There is limited evidence to date regarding pharmacological interventions used for the management of bradycardia in acute SCI. Only two studies have been found which investigated albuterol as treatment for bradycardia in acute SCI patients. However, the effectiveness of other pharmacological agents (aminophylline and theophylline) for acute bradycardia post SCI has been studied in case reports which did not meet our inclusion criteria (Pasnoori & Leesar, 2004; Sadaka et al., 2010; Schulz-Stubner, 2005; Whitman et al., 2008).
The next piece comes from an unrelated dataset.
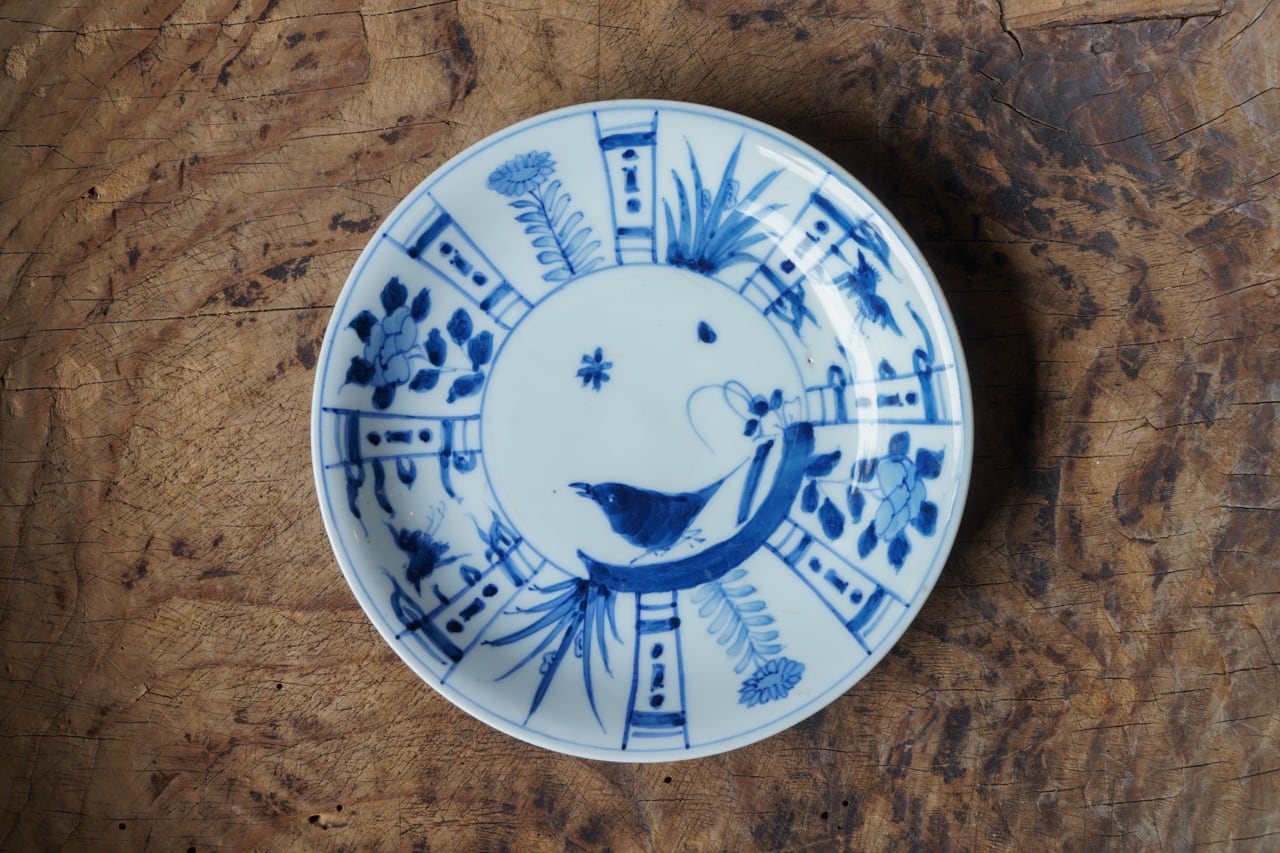 中央には羽を休める鳥、周囲には生き生きとした草花が描かれ、

Two studies investigated the effectiveness of oral albuterol for treatment of bradycardia during acute SCI. Evans et al. (2014) conducted a case control study in which 18 patients with cervical SCI were retrospectively reviewed; 8 patients who were treated with oral albuterol during hospitalization following injury were compared to 10 patients not given this treatment. All patients developed bradycardia, however the median of bradycardic episodes was significantly lower (1.8) in patients receiving albuterol compared to patients not receiving albuterol (4.3, p=0.08). The authors also noted that the median total of atropine administered was significantly lower in patients given albuterol (0 mg) than in patients not given albuterol (1 mg, p=0.013). Rollistin et al. (2016) similarly found that patients given oral albuterol when compared to baseline assessment, had significantly fewer episodes of bradycardic events.
There is level 3 evidence (from one case control; Evans et al., 2014) that oral albuterol reduces bradycardic episodes in acute SCI patients.
Oral albuterol appears to be effective for the management of bradycardia during the acute phase post SCI.